Eric: And obviously there are all sorts of policy things that get tied in, like people have expectations that the government will be excellent on privacy, excellent on civil liberties, excellent on security, excellent on usability. And also assume that these are big powerful organizations that have everything tied up nicely in a bow and run just like a well-oiled ship all the time, despite all evidence that you could see that it, you know, this stuff is hard.

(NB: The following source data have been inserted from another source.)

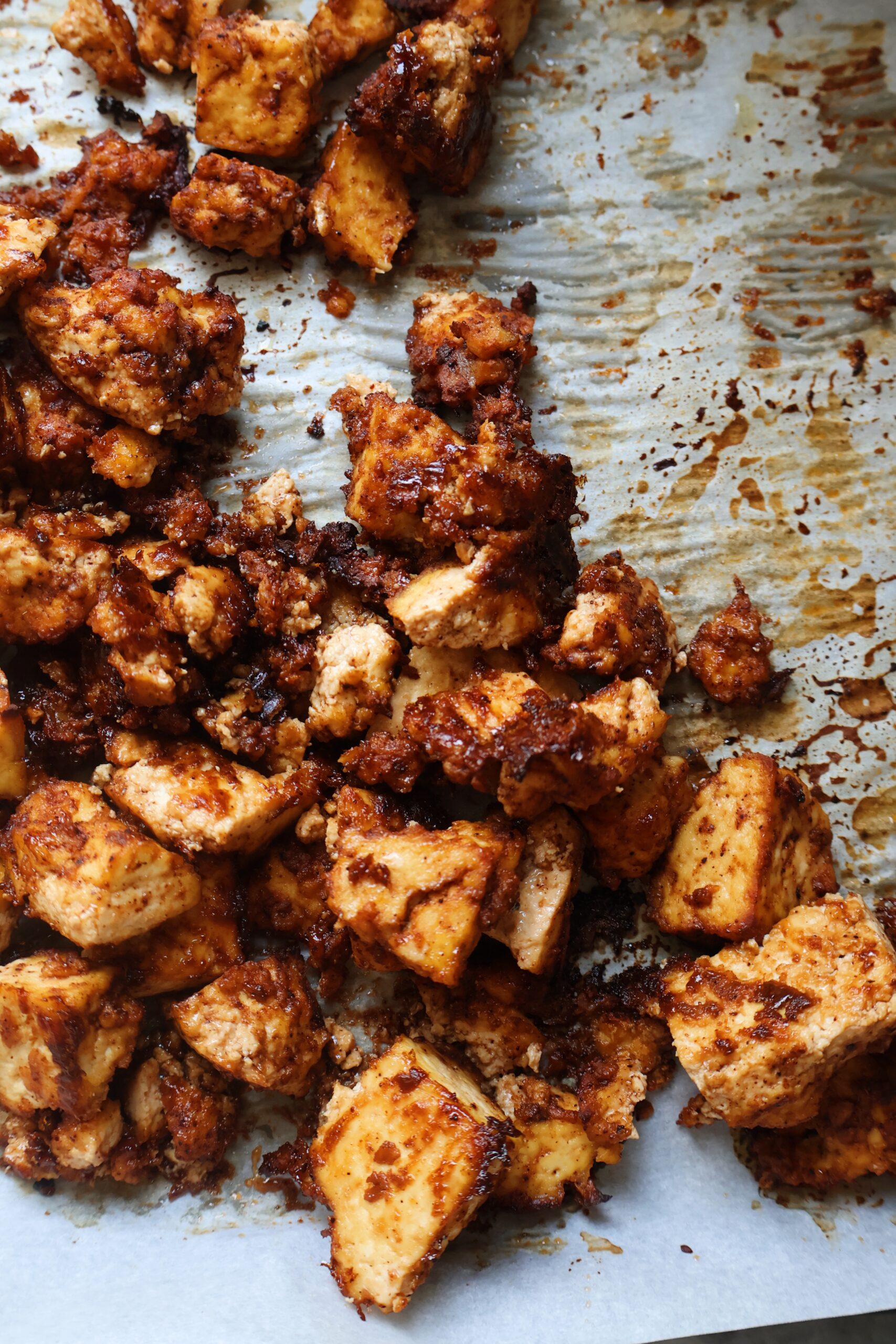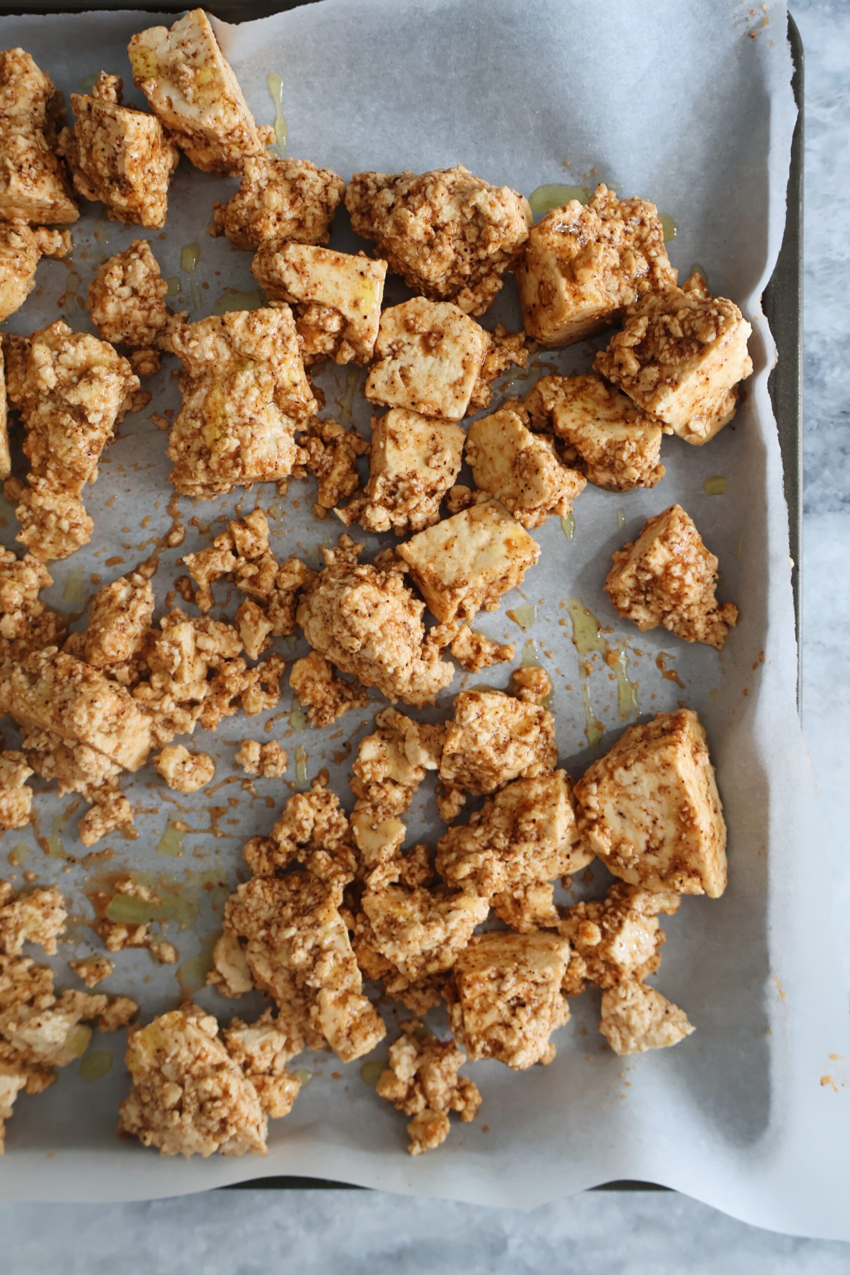 - Transfer the tofu to a parchment lined sheet-pan and drizzle with 2 tbsp of olive oil. Bake for about 35-40 minutes, flipping halfway through.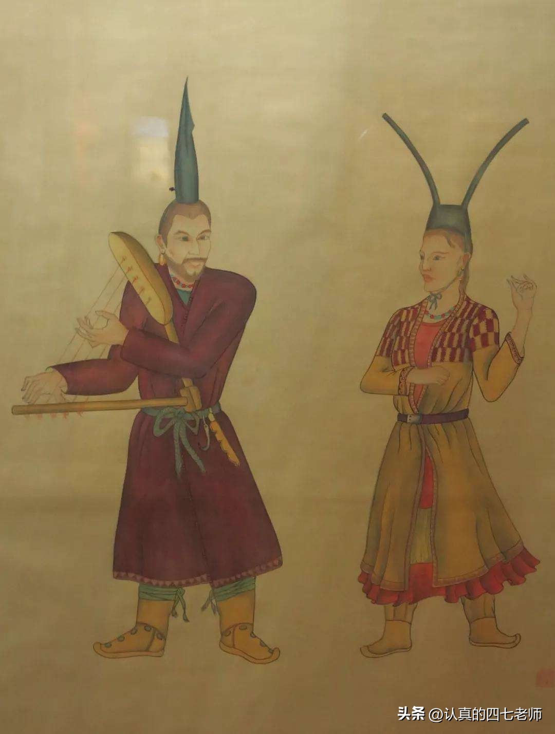 车师人一共有好几个小国家,比如前面已经讲过的车师前国,车师后国等等,从我们现在已经发掘出来的车师人墓葬中可以了解到,车师男性他们身材魁梧,头戴毡盔,腰系皮质箭服,佩有锋利的小铁刀,骑术高超,驰骋在天山腹地和苏贝希内外。车师女性容貌秀美,而且注重形体修饰。她们采用“通经断维”的技法,做出了技艺非凡,巧夺天工的手工制品。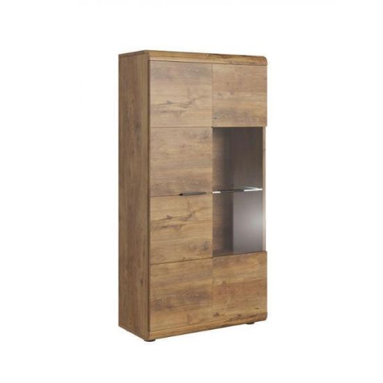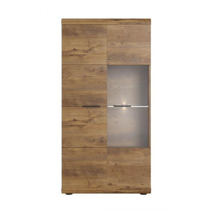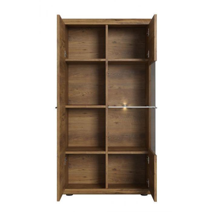 Drzwi witryny są z przeszkleniem, za którymi znajdują się dodatkowe półki do przechowywania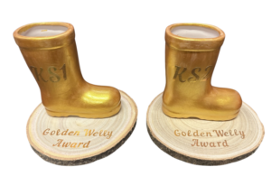 This year we have introduced our Golden Welly award which is awarded each week to two children, one from key stage 1 and one fro key stage 2. These children are chosen by the play workers for their contribution to great OPAL play each week. This could include great collaborative play, super tidying up, good use of imagination, supporting the younger children to name but a few. This is a very coveted award and is awarded to the children during our celebration assembly each week.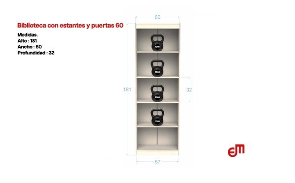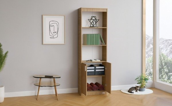 La BIBLIOTECA CON ESTANTES Y PUERTAS es un producto de estética más standard que ofrece la posibilidad de tener un espacio de resguardo de tus libros y papeles más importantes, a su vez contando con los estantes para lo que necesites más al alcance de tu mano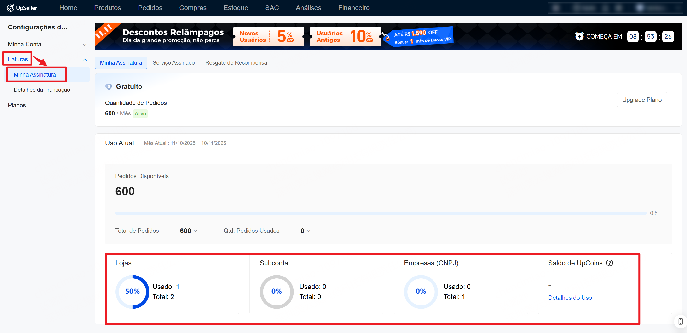4. A assinatura entrará em vigor imediatamente após a transação bem-sucedida. Clique em "Faturas" >> "Minha Assinatura" para ver os detalhes do plano. Incluindo: o período de validade do plano, a porcentagem da quantidade de pedidos usados nesse mês, o Número de Lojas/Subcontas/Empresas(CNPJ), e o Saldo de UpCoins, etc.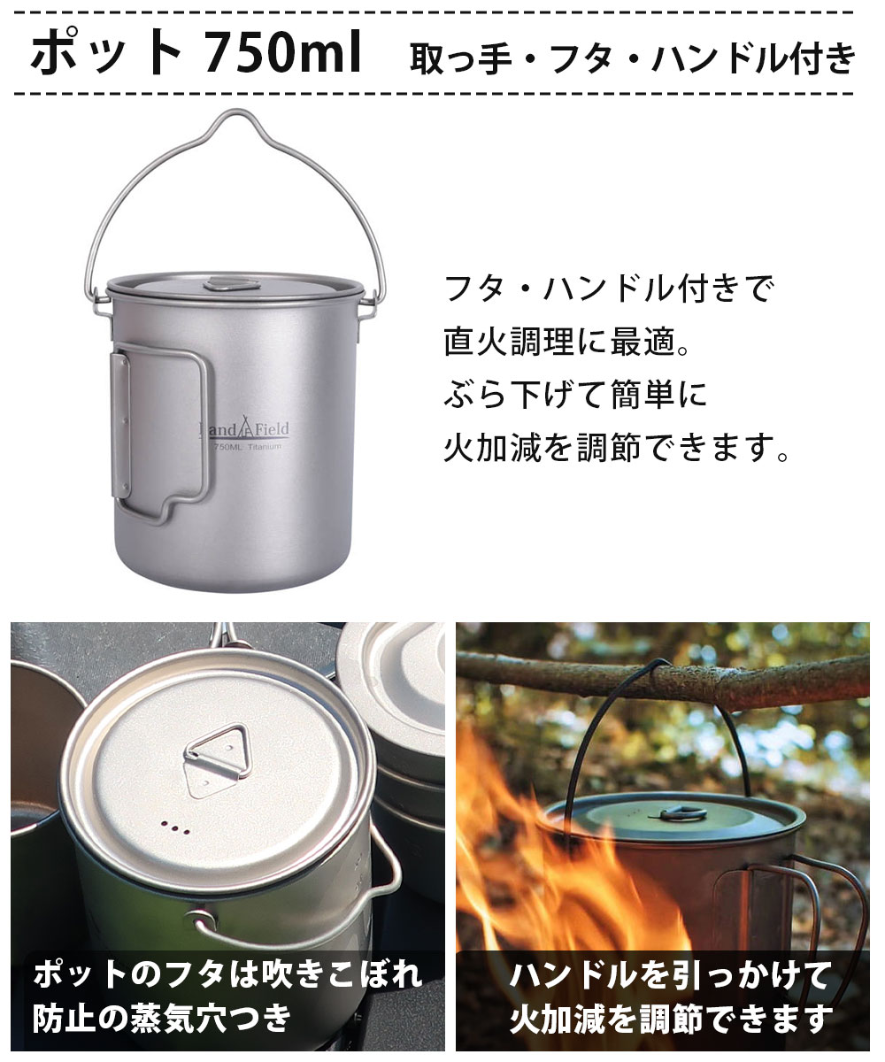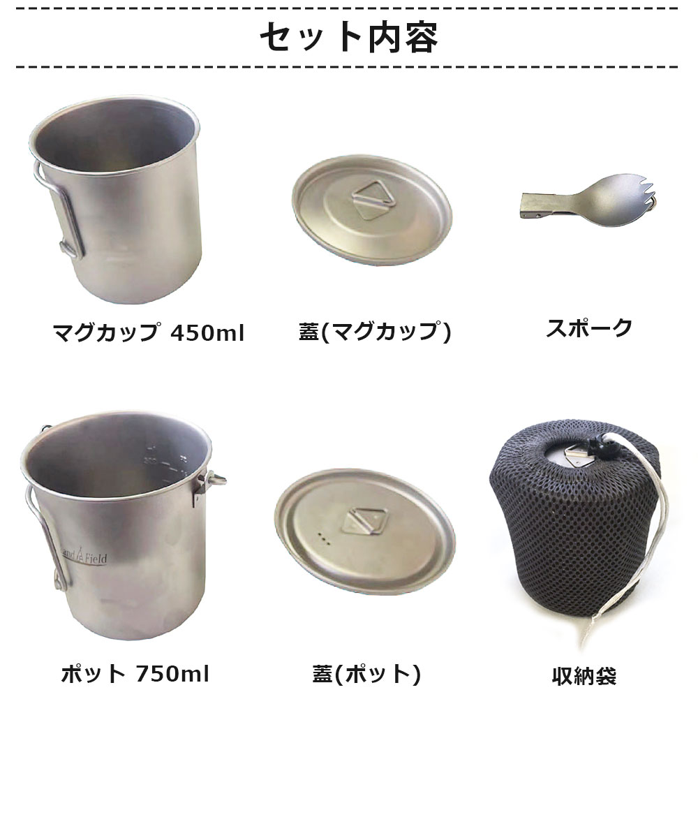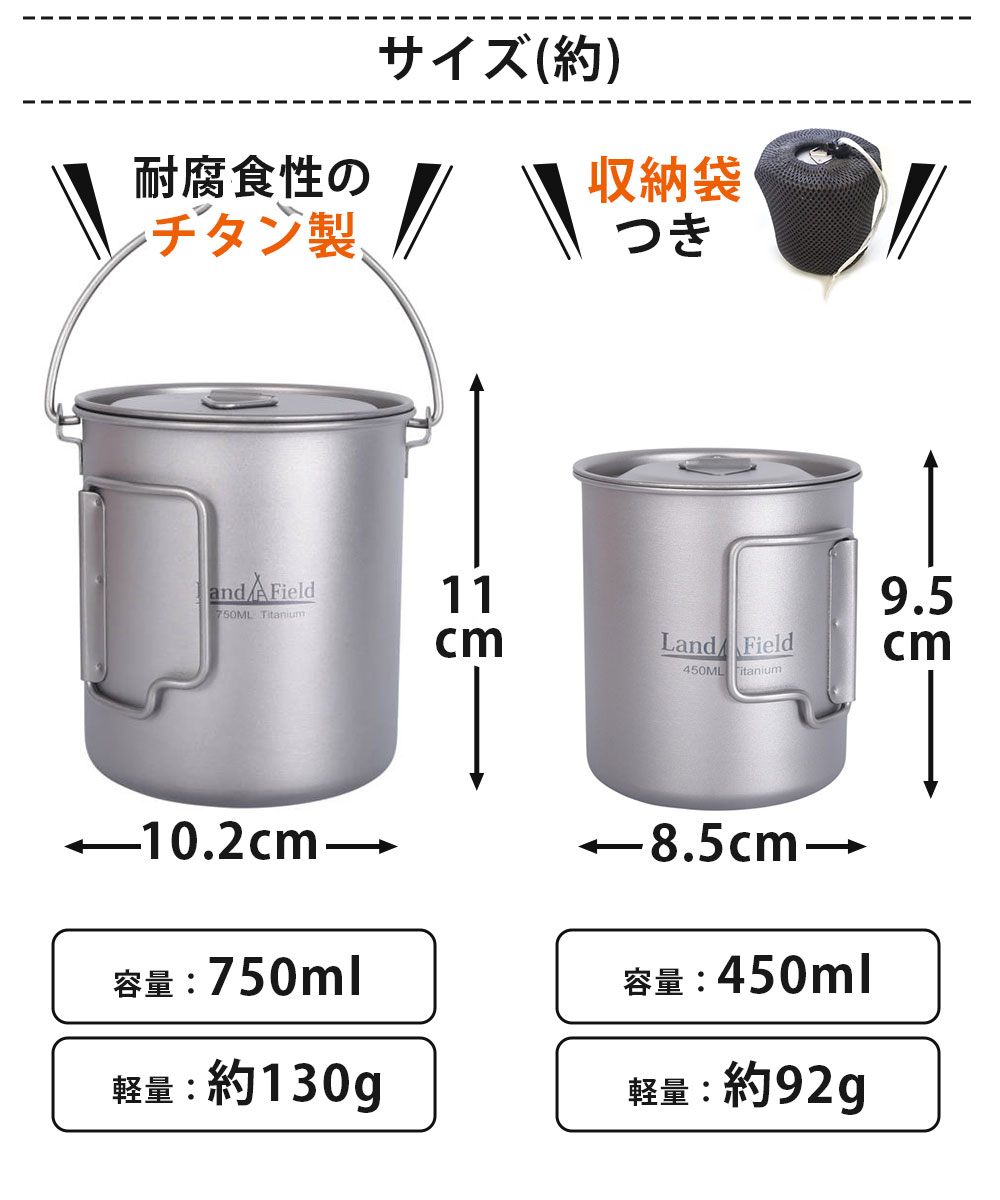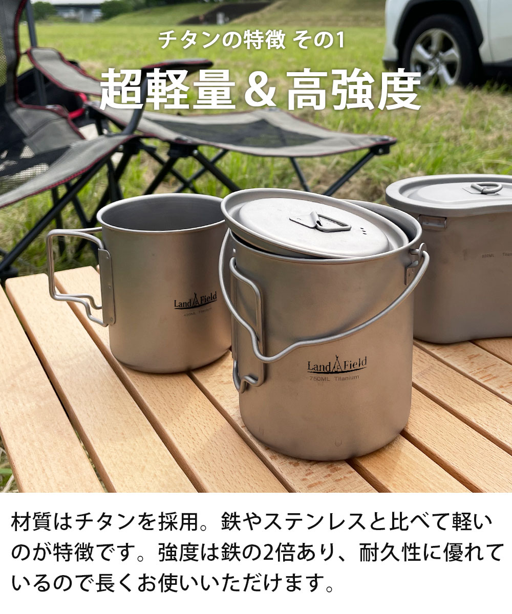 ポット スポーク マグカップ 3点セット チタン製 750ml 450ml クッカーセット 保温 保冷 耐食性 高強度 軽量 高品質 フタ付き ハンドル付き キャンプ アウトドア 食器 カップ クッカー セット Landfield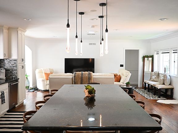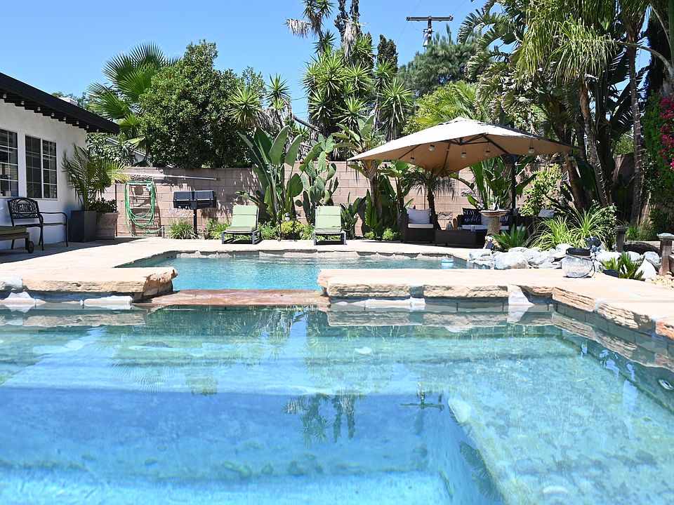 This beautiful, upgraded 4-bedroom, 2-bathroom ranch-style pool home in the heart of Chatsworth combines modern amenities, thoughtful design, and an ideal location. Spanning 2,200 sq ft on a single level, the home is built around a serene open-air atrium that fills the space with natural light and creates a seamless indoor-outdoor flow. Two spacious living areas offer plenty of room to relax or entertain, including one with a cozy fireplace and seating perfect for morning coffee or quiet evenings. The fully remodeled kitchen is a true centerpiece, featuring KitchenAid stainless-steel appliances, granite countertops, and a 9-foot island that doubles as a dining table for six. With multiple eating areas and an open layout, it's ideal for gatherings with family and friends. The primary suite is a private retreat with a king bed, walk-in closet, updated ensuite bathroom, flat-screen TV, and backyard access. Two guest bedrooms include queen beds and ample storage. The fourth bedroom features 2 twin size beds. A second open lounge area is perfect for unwinding or working out, complete with fitness equipment and another TV. Step outside into a private oasis with a pool, spa, and waterfall fully upgraded and controllable via smartphone app. Surrounded by vibrant bougainvillea and mature fruit trees, the backyard also features a flagstone patio, outdoor furniture, a built-in BBQ island with sink, mini fridge, and a separate double gas grill ideal for entertaining. The home also includes an attached garage with space for one car, which conveniently houses the in-unit laundry area. In addition, a private driveway in front of the garage provides parking for two more vehicles, offering both functionality and ease for everyday living. This home offers the perfect balance of suburban tranquility and urban convenience. Enjoy easy access to the 118 Freeway, CSU Northridge, local parks, hiking and equestrian trails, and a variety of shopping, dining, and grocery options just minutes away. The area is known for its peaceful, residential vibe while still being close to everything you need for day-to-day living. Owner pays for fixed utilities.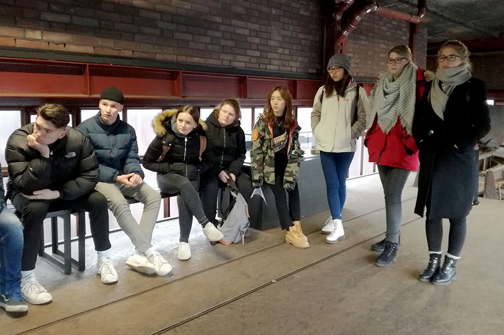 Abschließend sind wir nach Essen zur Zeche Zollverein gefahren, wo wir in Gruppen durch die beeindruckenden Areale des ehemaligen Bergwerks geführt wurden. Durch originale Videounterlagen ist es möglich geworden, die Härte eines Arbeitstages in der Zeche nachzuvollziehen, indem wir beispielsweise Werkzeuge ausprobieren durften. Dabei lernten wir auch einiges über den Weg der Kohle von der Entstehung, über den Abbau und die Verarbeitung bis hin zur Verbrennung. Lustige, spannende und beeindruckende Anekdoten unseres Gästeführers sorgten für eine besonders unterhaltsame und abwechslungsreiche Stimmung, die Raum, für unsere Fragen ließ.

So I really do encourage folks to get some of that experience. And there’s a lot of people that have done that over the last decade, whether for six months, two years or the whole time. And it is, is a really positive experience. And almost nobody in that is doing technology in the government that, that I have come across, wears a suit and tie, like I happen to be doing at this moment, do not be fooled.

So.

David: where should, so GSA, 18F good places to actually apply. if you’re just looking to do technology in government, like where should you be

Eric: So, so, so look at GSA, you know, if you go to join.tts.gsa.gov, that’s the technology wing of GSA that do fantastic work. USDS is hiring. Our office hires as well. And we, you know, we, and a lot of other places also just publish stuff on USA jobs, which is the government’s hiring place. Some of those postings will look very intimidating and government-y and sometimes you might need somebody to explain to you, what is, what does that mean? But that a lot of really great, interesting jobs get posted there. And I would also say at this point too, like if you look around, I, I bet you, somebody, you know, in your circles, in the technology world, that’s done work in or around the government. You probably don’t have to make too many hops to find somebody who can, you know, point you to something and help, help explain what’s going on. I guess I’ll also, I will make a brief plug for the Consumer Financial Protection Bureau in part, because they started a decade ago and actually really prioritized technology upfront in a way that was very impressive. And, you know, people don’t always expect regulators to, to be prioritizing that in the same way.

And, and they’re a good living example that you can, so those are, those are a few places, but I there’s good work all over. Awesome.

David: Awesome. Thank you for coming on our silly little podcast, to all the listeners out there, we encourage you to both go to USA jobs and find a way to work directly for Eric. and, and then once you finish doing that, you’re gonna wanna go to merch.securitycryptographywhatever.com and buy a mug.

Deirdre: or a t-shirt or a sticker with your hard earned government money.

Thomas: Eric. Thank you so much for doing this. This is super interesting.

Deirdre: yes. Thank you so much.

Eric: thanks so much for having me. This is great.